Task goal
Exclude the pictures and reproduce the remaining data exactly as written.

Available data
····················

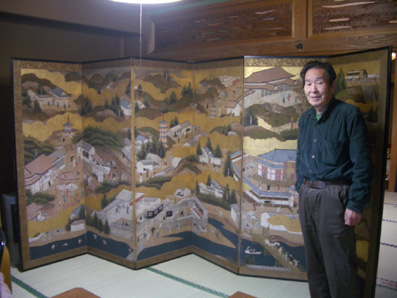 大間からは新田繁さん所有の屏風が持ち込まれ、
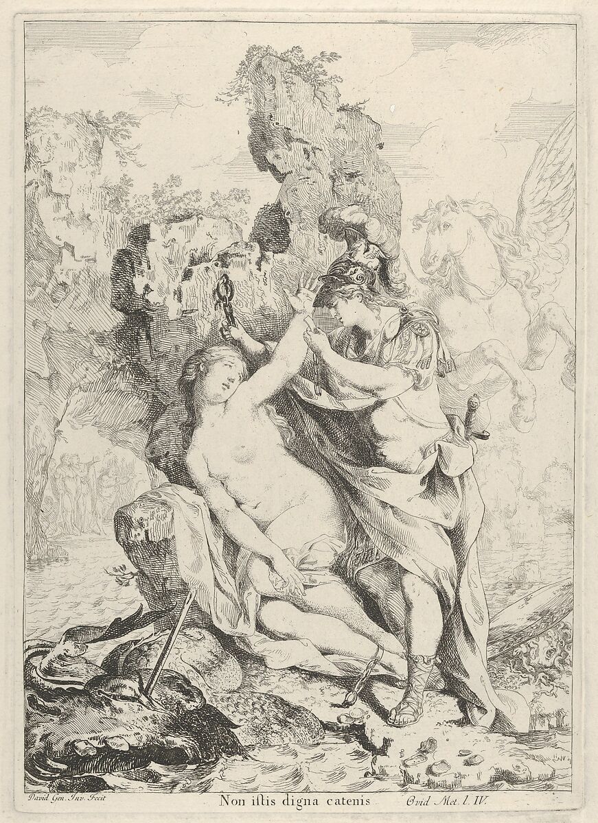 David depicts the moment when having slain the sea monster to whom she was to be sacrificed Perseus frees Andromeda. On the ground to the right of Perseus lies the shield whose reflective surface had enabled him to slay Medusa, since looking on the Gorgon directly would have turned him to stone. Although classical sources describe Perseus as flying with the aid of winged sandals, artists often show him riding Pegasus, born from Medusa's blood. Considered an embodiment of fame, the winged horse was an appropriate mount for a hero.
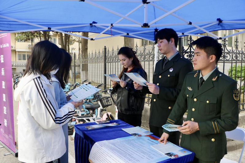 学校退役士兵骨干开展征兵政策宣讲,用朴实真挚的话语分享军营里的成长与蜕变、责任与担当,围绕同学们关心的征兵条件、服役待遇等问题,进行细致解读、耐心答疑。

····················

Completed exercise
 大間からは新田繁さん所有の屏風が持ち込まれ、
 David depicts the moment when having slain the sea monster to whom she was to be sacrificed Perseus frees Andromeda. On the ground to the right of Perseus lies the shield whose reflective surface had enabled him to slay Medusa, since looking on the Gorgon directly would have turned him to stone. Although classical sources describe Perseus as flying with the aid of winged sandals, artists often show him riding Pegasus, born from Medusa's blood. Considered an embodiment of fame, the winged horse was an appropriate mount for a hero.
 学校退役士兵骨干开展征兵政策宣讲,用朴实真挚的话语分享军营里的成长与蜕变、责任与担当,围绕同学们关心的征兵条件、服役待遇等问题,进行细致解读、耐心答疑。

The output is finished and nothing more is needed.